According to Article 56 of Trademark Law of the People's Republic of China, the amount of damages shall be the profit that the infringer has earned  during the period of the infringement or the injury that the plaintiff has suffered from the infringement during the period of the infringement, including the appropriate expenses of the plaintiff for stopping the infringement. Where it is difficult to determine the profit that the infringer has earned  or the injury that the plaintiff has suffered, the Court shall impose an amount of damages of no more than RMB 500, 000 Yuan (about $ 70.000) according to the circumstances of the infringement.  

When a  Court is determining the measure of damages, it should make an overall determination having considered factors such as the nature, the period and the consequences of the infringement, the reputation of the trademark, the amount of trademark licensing royalties, the types, periods and scope of trademark licenses for the mark, the reasonable expenses incurred in stopping the infringement, etc.

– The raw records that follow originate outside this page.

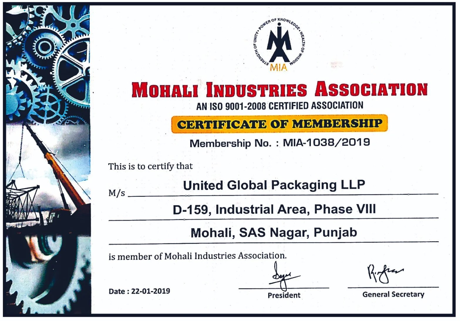Mohali Industries Association – an ISO Certified Association represents 600 large, medium and small scale industrial units located in Mohali and its surroundings. The Association was registered in September 1973 with the Registrar of Societies, Chandigarh. MIA provides a link between the industry and the Government for a better understanding and maintains a rapport by holding regular dialogues with departments connected with the industry.
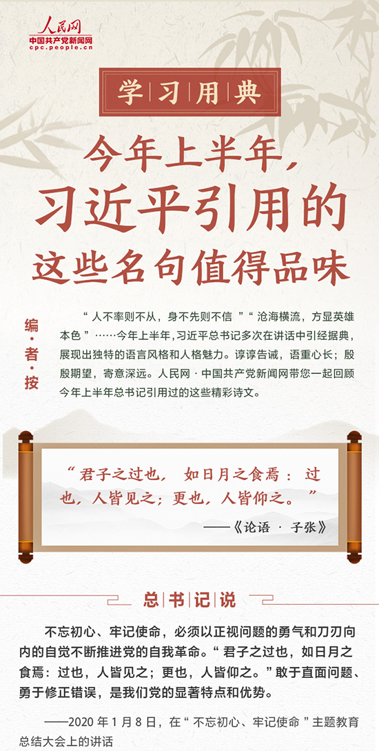 今天让我们关注总书记上半年讲话中引用的名句。>>>点击查看名句解读
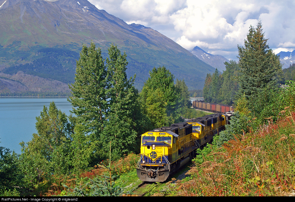 | Alaska Railroad 4009 is the lead unit on a coal train bound for export at the year round port of Seward. The train winds its way around Kenai Lake for more than a few miles on its journey south. |
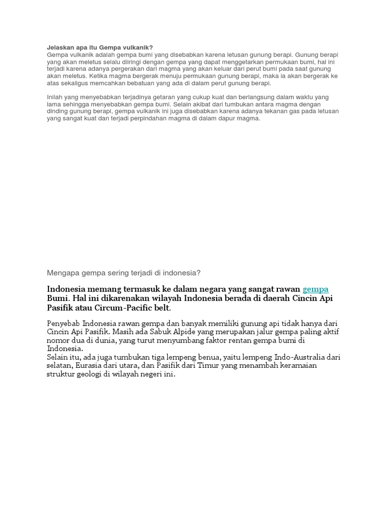 gempa bumi vulkanik adalah jenis gempa bumi yabg di sebabkan oleh… A. pergeseran antar lempeng - Brainly.co.id
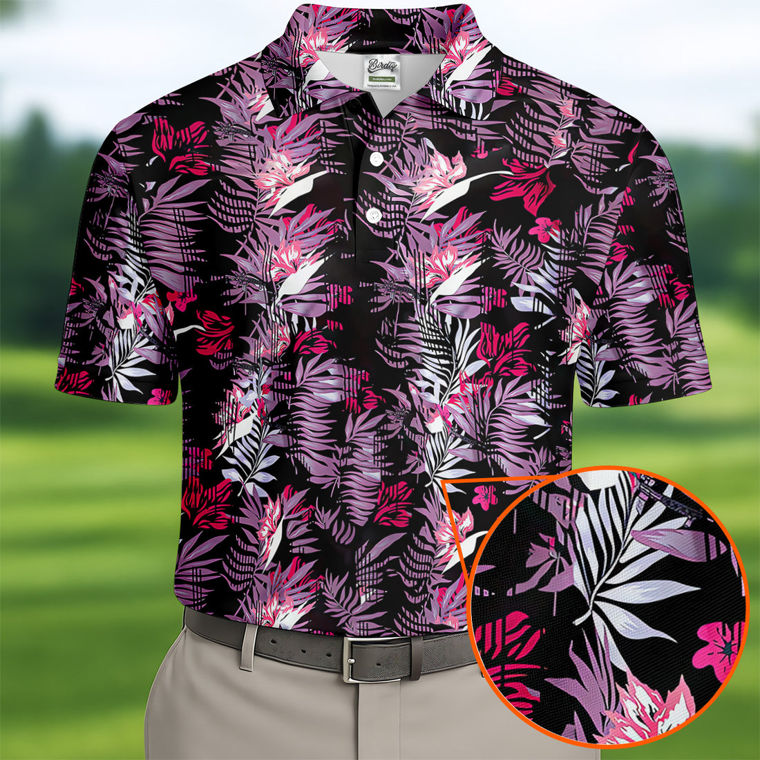 Purple And Black Tropical Golf Shirts, Golf Tops For Men, Polo Shirts For Men, Golfing Apparel
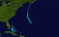 A ship known as Inflexible first encountered this storm over the central Atlantic to the east-southeast of Bermuda on September 1.[38] Moved northwestward, the cyclone became a hurricane on the following day. Turning northeastward,[7] the storm likely intensified further, based on several ship reports, including the steamship Taormina recording a barometric pressure of 963 mbar (28.4 inHg).[39] The Atlantic hurricane reanalysis project thus estimated that the cyclone became a Category 2 hurricane with maximum sustained winds of 105 mph (165 km/h),[5] while Fernández-Partagás and Diaz suggested that it may have strengthened into a major hurricane.[39] On September 4, the storm transitioned into an extratropical cyclone about halfway between Greenland and the Azores. Thereafter, the extratropical storm persisted until September 6, when it dissipated off the coast of Ireland.[7]

All the evidences should be original or notarized by the Notary and only copied documents might not be accepted by the people’s court. If the evidences are formed outside of Mainland, the evidence should be notarized and legalized up to the local Embassy or Consulate of the People’s Republic of China. If the material is foreign languages and it should be translated into Chinese by verified translation agencies.  
6.Statutory limitation of the trademark cases

If a trademark owner or any relative party brings a suit after more than 2 years of the infringing action, if the infringing act is still continuing at the time the suit is brought and the exclusive rights to use the registered trademark are still in the period of validity, then the Court should accept the litigation and make decision for the plaintiff. The measure of damages for the infringement should be calculated back 2 years from the date when the plaintiff brings the lawsuit.  

Anyone who sells the infringing goods with innocence and he or she can prove that the accused goods are delivered by legitimate channel and indicates the supplier, he or she will not be liable for damages, but should cease to sell the infringing products immediately.
7. The duration and execution of the trademark cases

Normally, the first-instance of trademark litigation will last around 6 months, but for some complex cases, it might be longer. If the interested parties do not make an appeal after a trial at the court of first instance, the verdict will come into force.

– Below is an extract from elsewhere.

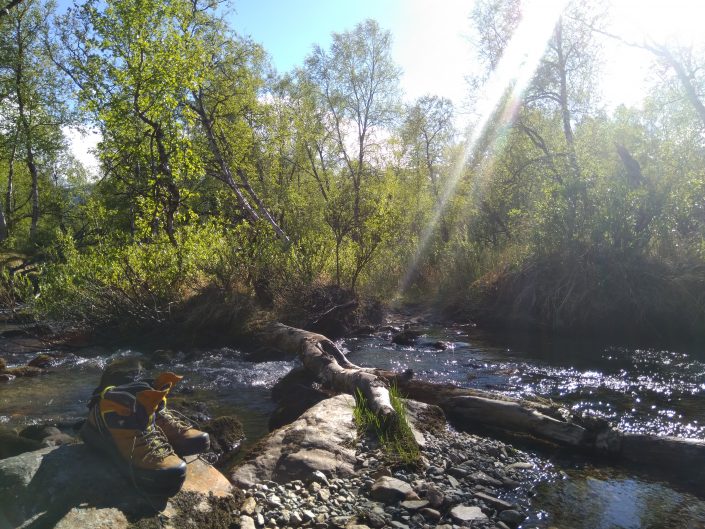 Salomon X-Alpit paistettelemassa päivää. Itselleni kevyemmillä vaelluksilla toimii hyvin kevyt, mutta suht jäykkäpohjainen vaelluskenkä, jossa on lyhyt varsi. Kenkä ei heti hörppää vettä märässä maassa ja tukee löysänilkkaisen kulkijan menoa epätasaisessa maastossa.

If any of the parties concerned are not satisfied with the judgment, they may appeal to the higher-level  Court, that is the court of second-instance and it normally lasts 3 months. The parties could not appeal after this trial. Only few of the cases, the Supreme Court can grant certiorari for re-trial. The frustrated party must execute the judgment with legal validity. If he or she refuses to do so, the prevailed parties may apply to the Court for compulsory enforcement.